Amma twisted her ear and shook her whole body with that ear, asking again, more loudly. Again, she got the same answer. My sister was too fair and quickly turned a shade of pink, which normally meant that she got slapped, pinched and hit less than me. This time though, my mother did not stop. I did what I normally did. I looked away to make her feel less ashamed, just as she always did for me. Amma shouted at her about being careless and loosing expensive things, being a curse on her and so on and on until the noise attracted our granny and aunt, closely followed by our uncle and grandpa, who swooped down and rescued my sister, pulling her out of our mother’s clutches and cradling her as she cried. My granny wiped my sister’s eyes with her cotton sari and my aunt massaged her red skin, while uncle and grandpa shouted at our mother for being too harsh.

“I can’t understand,” Amma said, “she is home all day. They are both home all day. Where will the earrings go? Oh! they were so beautiful, when will we ever buy such a nice pair again? If they fell anywhere in the house, the maid would have found them while sweeping.”

“Do you think the maid took them?” Uncle asked, patting my sister’s head, which was bowed in shame.

“I don’t think so,” said his wife. “She is a trusted-person. Worked for us more years than I can count.” My aunt had brought the maid with her from her native village after her marriage and always defended her as though she was a relative.

I made a mistake then. I tried to leave the room, pretending to play with my boats. My mother stopped me. My mother could read me like she read a book, except there were no words that she didn’t understand.

“Do you know anything about them?” she asked me now. “You are a good girl. Not like your sister.”

She drew me closer and planted me on her lap. The nylon of her sari felt smooth against my skin. My mother felt warm to the touch and I did not move away. I glanced at my sister who was still staring at her feet while Amma continued to heap praises on me. She said that I was the best daughter ever, that I was careful with my things, that I was intelligent and always got first rank in class and so on. Then she asked me again if I knew what happened.

“The park,” I said.

“What park?”

Tears slid down my sister’s face. Thick blobs went down one by one, settling into the crook of her neck while granny kept wiping them away.

“The park next to Hanuman’s temple.”

“Did you take them to any park, Anna?” she asked my uncle who shook his head and said that there is only one park next to hanuman temple and that it had been closed for repairs since the past year.

“Are you taking your sister and going to the Ekashila park?” my uncle asked my sister in alarm. “When? I have never seen you do.”

“In the afternoons,” I said.

Then my sister looked at me. Like I was a disgusting cockroach. Like she felt repulsed by the sight of me, sitting in our mother’s lap.
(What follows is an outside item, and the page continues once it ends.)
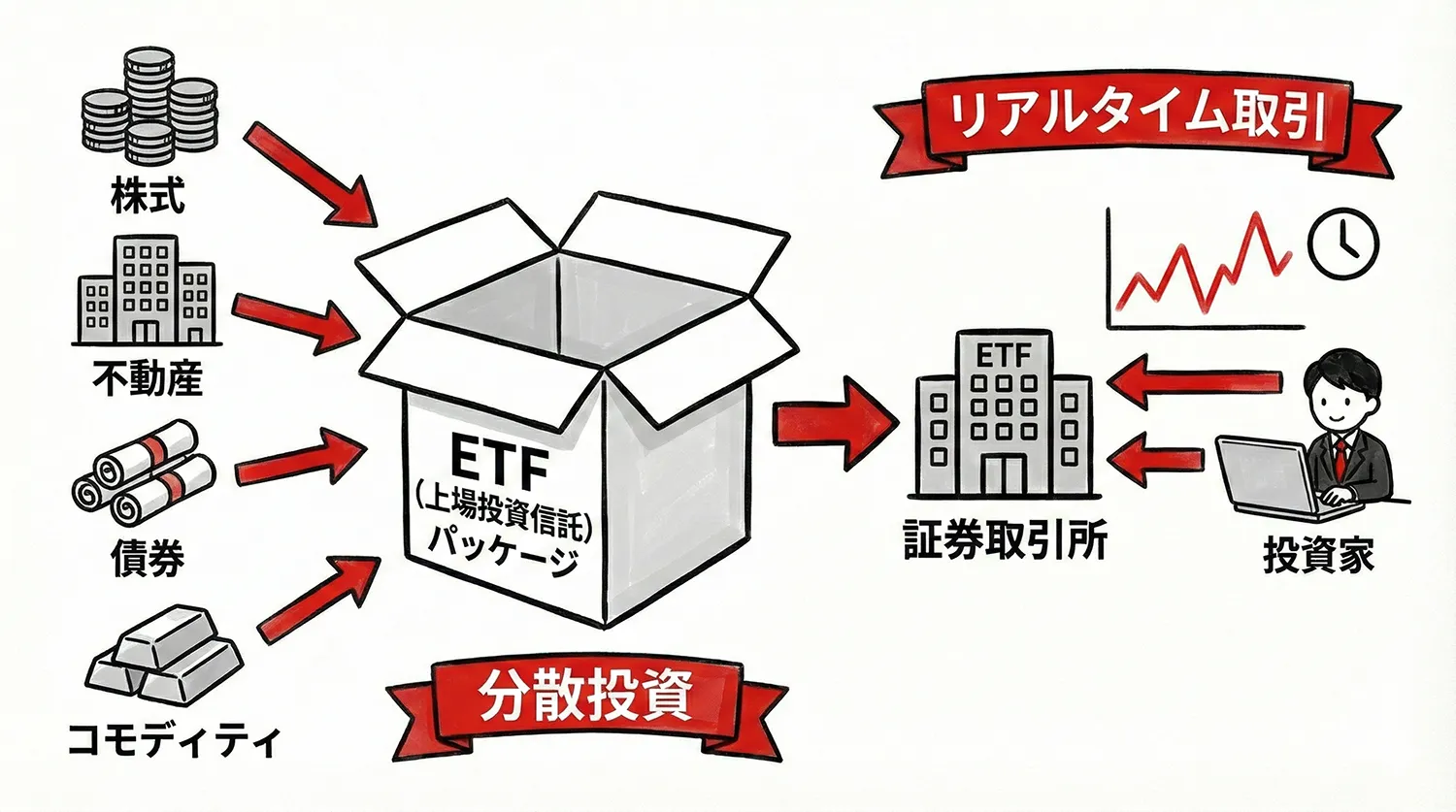 ETF(Exchange-Traded Fund、上場投資信託)は、株式や指数、コモディティなど、特定の資産の値動きに連動するよう設計された金融商品のことです。投資信託と仕組みそのものは似ていますが、証券取引所に上場しており、株式と同じように市場の取引時間中であればいつでも売買できる点が大きな特徴になります。

“Only once,” I quickly corrected myself. “Yesterday afternoon. We won’t go again, double-promise.”

Amma then slid me off her lap and proceeded towards my cowering sister. A constellation of people immediately blocked her – granny, aunt, uncle and even grandpa. It’s okay, they said, we will buy her another pair just like it. Let bygones be bygones. What’s the use of thinking about things that are over? Let’s go search the park tomorrow.

*

The park was completely deserted while the adults searched the next afternoon. With some luck, maybe we can find at least one, they said. It was dark. The approaching monsoon made it eerie and terrible. They brought us along to help and we pretended to search. After an hour, we gave up and went home. My sister’s bare earlobes glared at me and she did not again ask me to go to the park with her.